Region 16 Updates

Accessing the NDIS

Region 16 Pam Anderson - Friday, September 01, 2017
Accessing the NDIS Permanent and significant disability One of the requirements needed to access the NDIS is evidence of what the NDIS calls a permanent and significant disability.  The NDIS defines a permanent and significant disability as having all of the following factors:
  • The person has an impairment or condition that is likely to be permanent (i.e. it is likely to be lifelong)
  • The impairment of the person substantially reduces their ability to participate effectively in activities, or perform tasks or actions
  • The person’s impairment affects their capacity for social and economic participation
  • The person with disability is likely to require support under the NDIS for their lifetime

During the NDIS Access process people with disability need to complete some documents to show they are eligible for the scheme.  The “Evidence of Disability Form” is one of these documents.   People with disability who currently receive supports via designated State or Territory Government programs, will enjoy a streamlined process to access the NDIS.  

People in “Defined Programs” will be contacted directly by the NDIS National Access Team, who should already have most of their relevant information.  It is hoped that this means people already approved for support in their State or Territory will get into the NDIS quickly.  Similarly, the NDIS Access process includes a “List A” of conditions that the NDIS accepts will mean people will be eligible for the NDIS.   

People with an impairment or condition on List a will also get a streamlined accede to complete Part C of the Evidence of Disability Form. This makes the NDIS Access process a quicker and less stressful experience for those with List a conditions.  There is also a “List B” of conditions, which usually include permanent impairments where the functional capacity of the person is variable, and the NDIS requires further assessment and evidence of their disability before the person can be accepted as an NDIS Participant.  

This does not mean people with List B conditions are not eligible for, or won’t get into the NDIS; it simply means they must complete more of the Evidence of Disability Forms than those with a List a Condition need to. It is important to know that the NDIS places more importance on the “functional capacity” of a person with disability, rather than their specific diagnosis of disability or illness.  

This means the NDIS looks at what supports a person with disability needs to live an “ordinary life: and not the health effect of their disability or illness.  As a result, when people with disability are collecting evidence to access the NDIS, it may be just as appropriate to collect it from allied health professionals such as physiotherapists and occupational therapists, as from doctors or other medical professionals.

How will the process work when the NDIS is available?

People with disability who are already accessing services from a State or Territory Government may be automatically eligible for NDIS, meaning they meet the access requirements.  The NDIS calls these state and territory government services “Defined Programs” For example people with an Individual Support Package (ISP) in Victoria, or people in NSW accessing services from EnableNSW. 
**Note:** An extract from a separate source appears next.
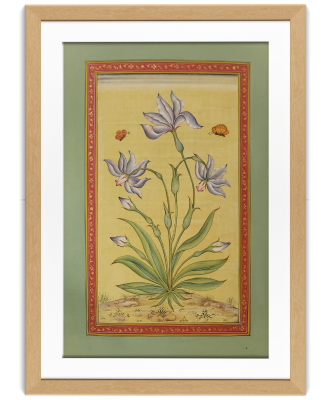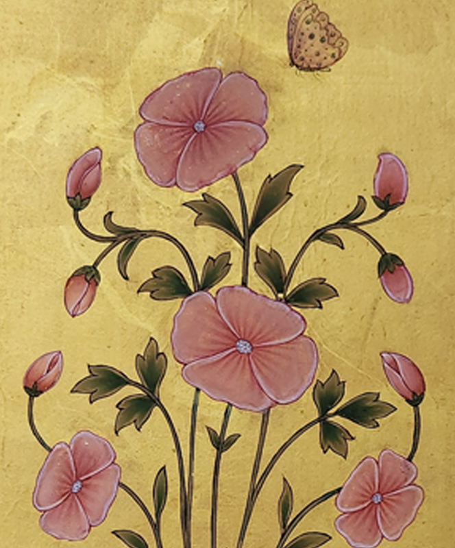 A captivating Mughal miniature painting featuring a delicate flowering plant with butterflies, embodying the grace and finesse of traditional Indian art

The purpose of Defined Programs is to make the transition easier for people who are already eligible for similar support programs they have been accessing through states and territories.  For example. Those who are in Defined Programs do not need to fill out as much paperwork as those who are not.  Another benefit of the easier access to the NDIS for those in Defined Programs is that it will make the process of accepting the large number of new NDIS Participants easier to manage for the NDIS itself.  Those people with disability who are not in any Defined Programs, or are not accessing any services at all will need to go through the standard NDIS Access process. 
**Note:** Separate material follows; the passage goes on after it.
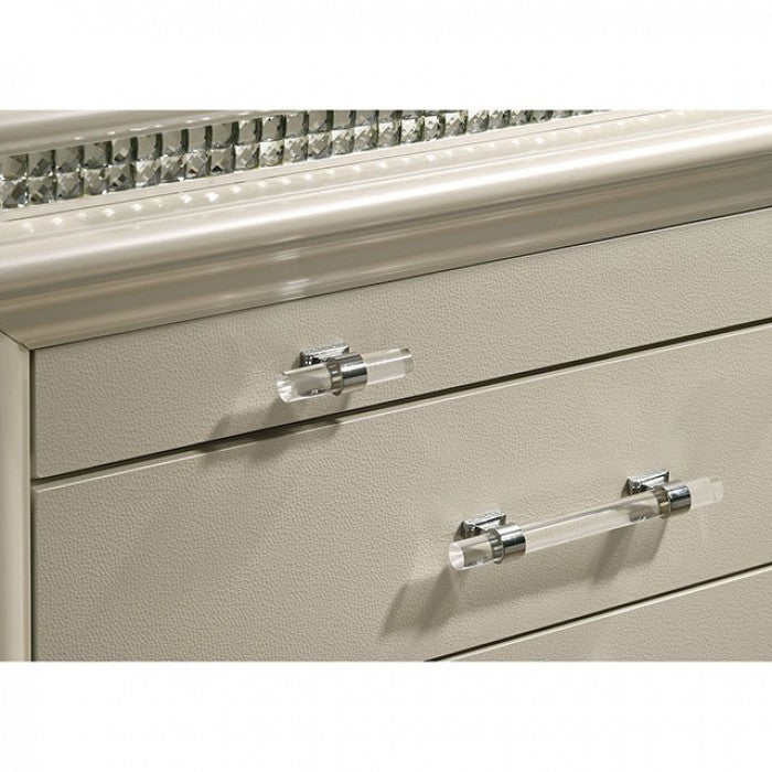 Create a room made for a princess with this bedroom set from the Maddie Collection. The curved headboard is padded and upholstered in a horizontally-tufted leatherette, emphasizing the pearl white finish. The dresser and chest feature acrylic legs, crystal accents, and a beveled mirror with a LED light creating a glamorous aesthetic. Give into your glitzy side with this opulent set. SKU:CM7899 NAME : MADDIE

  • It is important to know that the NDIS is not income support.  The Disability Support Pension (DSP) is for Australians with a physical, intellectual or psychiatric disability unable to work for more than 15 hours per week because of their disability.  The only change with a DSP will be mobility allowance as this will now be the NDIS responsibility and should be included in your plan...

Once the National Access Team of the NDIS has confirmed a person with disability meets the initial NDIS Access requirements, or the person is in a Defined Program, they will become an NDIS participant.
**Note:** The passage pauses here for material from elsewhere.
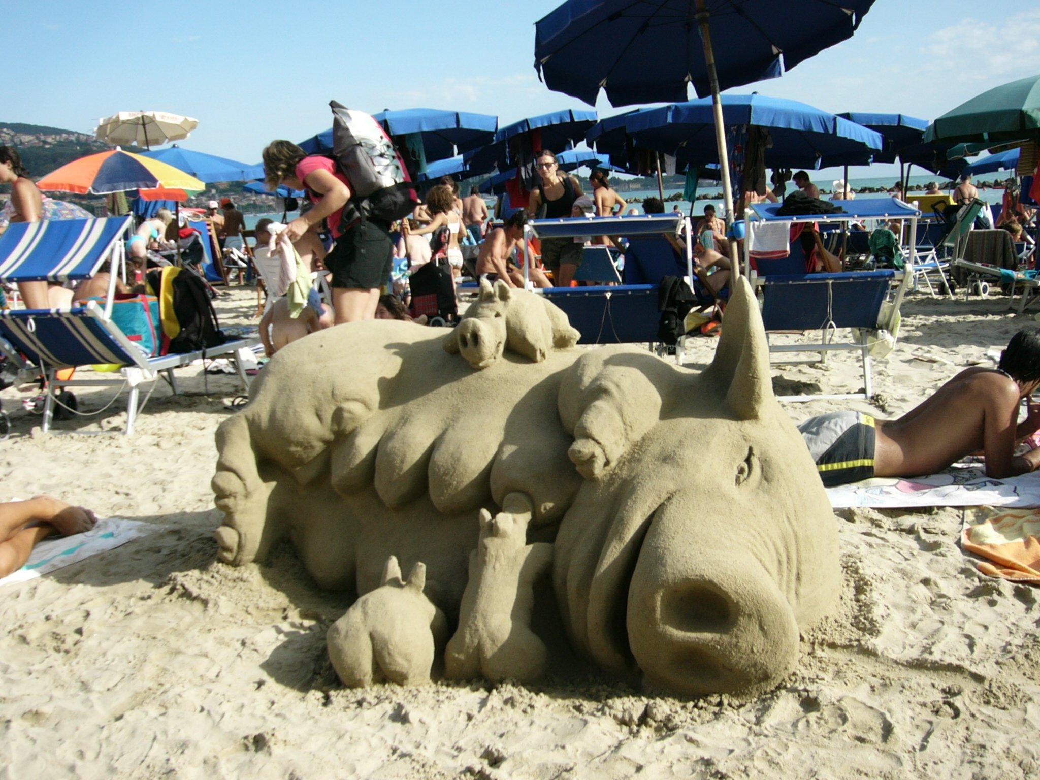 The water was clear enough to see fish swimming near the shore. My son played in the sand, sometimes running to the small swings nearby. There were sand artists too, shaping figures from the beach, little sculptures, sometimes animals, formed carefully by hand.

After this process, a different NDIS representative (LAC) will contact the NDIS participant to go through the process of getting an approved NDIS First Plan.  Three steps are needed before the NDIS participants receives an approved NDIS First Plan:

  1. Getting Plan Ready (working out support needs)
  2. The Planning Conversation
  3. NDIS Plan Approval

 Please note the first plan will focus primarily on specific support needs of the participant.  The second plan will add aspirations, getting a job, etc.